Da ja viele in meiner Altersklasse hier sind, dachte ich, ihr könnt mir vielleicht raten?
Ich bin wahrscheinlich der älteste hier im Thread und habe komischerweise nur "mittlere" Probleme. Ähnlich wie Andrea trage ich seit anno dunnemal eine Brille gegen Weitsichtigkeit mit +3,5 Dioptrin. Aber die sog. "Alterssichtigkeit" hat nichts mit weitsichtig oder kurzsichtig zu tun, das ist im Prinzip die Unfähigkeit der Linse zu "akkomodieren", da die Linse im Alter immer starrer wird. Durch das Akkomodieren zieht sich die Linse zusammen, wodurch sich die Brechkraft erhöht und dadurch kann man Dinge scharfstellen, die sich nahe am Auge befinden. Das ist reine Physik.
Von daher trifft dieses Problem der Alterssichtigkeit eigentlich irgendwann jeden Menschen, egal ob er schon eine Brille trägt oder nicht. Denn die vorhandene Brille korrigiert nur den grundsätzlich verformten Augapfel, bei Kurzsichtigkeit ist der Augapfel zu lang, d.h. die "Leinwand" (= Netzhaut) ist zu weit weg und bei Weitsichtigkeit ist der Augapfel zu kurz, die Netzhaut ist zu nahe an der Linse. Aber die Linse ist eben auch flexibel und gleicht es aus, ob man einen nahen oder fernen Gegenstand fokussiert. Und diese Fähigkeit "Nah und Fern" zu unterscheiden, die geht im Alter verloren. Deswegen benötigt jeder Mensch irgendwann eine Brille, die ca. +1 bis +2 Dioptrin auf die vorhandene Brille aufaddiert oder eben eine nicht vorhandene Brille notwendig macht, um nahe Gegenstände fokussieren zu können.
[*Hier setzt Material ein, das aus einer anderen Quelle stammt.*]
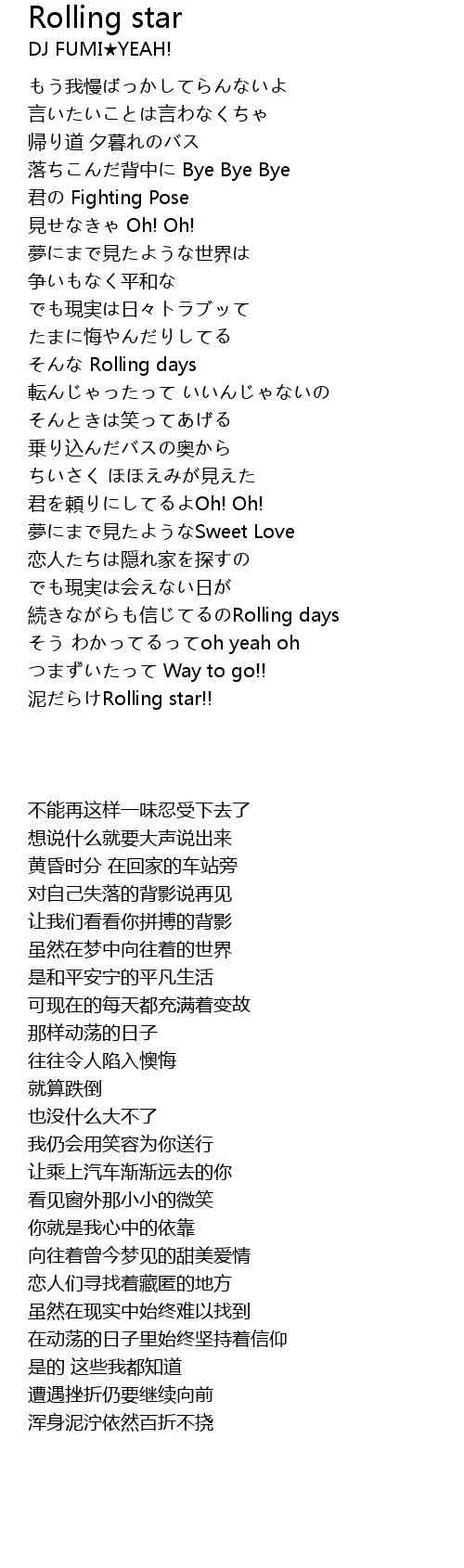 | [01:23.200] | 続きながらも信じてるのRolling days |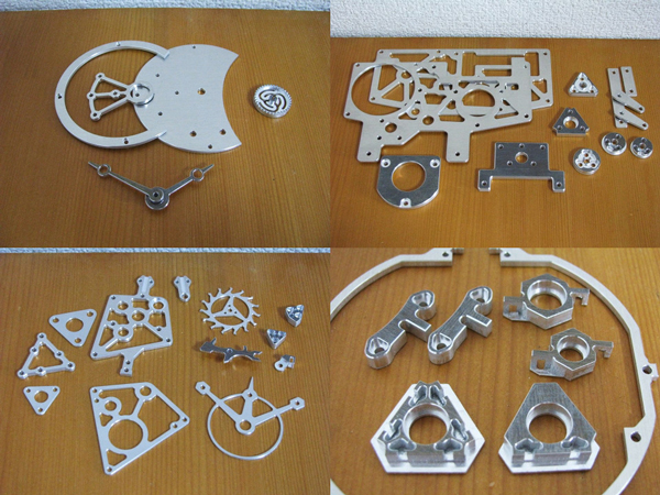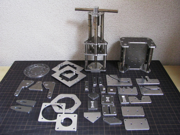 今回使った治具一式です。治具を出来るだけ少なくするように設計はしていたのですが、それでも形状が複雑な分、本体同等のボリュームになっています。(なお中央がプレス治具、右奥が垂直穴加工用の治具です)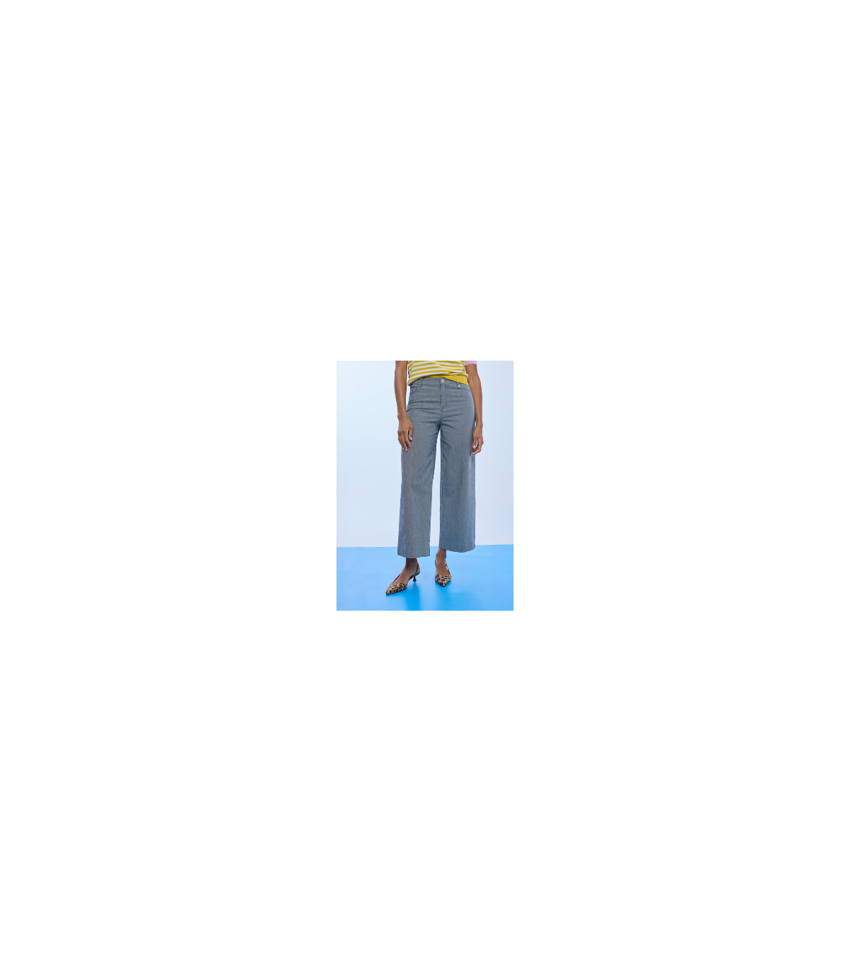 Confeccionado en tejido de sarga estructurado, este pantalón culotte para mujer presenta un corte ancho y largo midi que estiliza la silueta y aporta movimiento. El estampado de rayas añade dinamismo y un toque moderno, convirtiéndolo en una opción ideal para looks urbanos y elegantes.

Für Andrea (und für mich) bedeutet das, um Lesen zu können brauchen wir (irgendwann) eine Brille, die +2 Dioptrin über der aktuellen Brille liegt, also bei Andrea macht das dann +5 Dioptrin, bei mir auch ungefähr. Wer kurzsichtig ist und beispielsweise wie Flicke mit -8 Dioptrin auf der Nase herumläuft (das ist schon ein ordentlicher Wert!), der benötigt irgendwann zum Lesen nur noch -6 Dioptrin. Deswegen haben manche Menschen ja auch das außergewöhliche Erlebnis, wenn sie Zeit ihres Lebens mit ca. -2 Dioptrin herumgerannt sind, dass sie auf einmal ohne Brille zurechtkommen (zumindest im Nahbereich).
Was nun meine persönliche Situation betrifft, ich sehe inzwischen zwar auch deutlich schlechter im Nahbereich als noch vor 10 Jahren, aber eigenartigerweise komme ich immer noch mit einer Uraltbrille zurecht. Winzige Schriften auf Landkarten (wo beispielsweise die Einwohnerzahl oder die Höhe einer Stadt angegeben ist), die kann ich leider nicht mehr erkennen, aber das braucht man auch nur selten. Für den täglichen Lesebedarf komme ich nach wie vor mit meiner normalen Brille zurecht. Das ist sehr ungewöhnlich, aber nicht ausgeschlossen, immerhin bin ich schon 55 Jahre alt, da haben die meisten den "Übergang" zur Alterssichtigkeit lange hinter sich. Ich habe mir dennoch auch inzwischen eine stärkere Brille gekauft (ich habe einfach eine Billigbrille Online bei Mr. Spex bestellt), damit kann ich beispielsweise im Flieger relativ entspannter auf meinem Tablet spielen oder Filme sehen, das strengt mich sonst auch ziemlich an.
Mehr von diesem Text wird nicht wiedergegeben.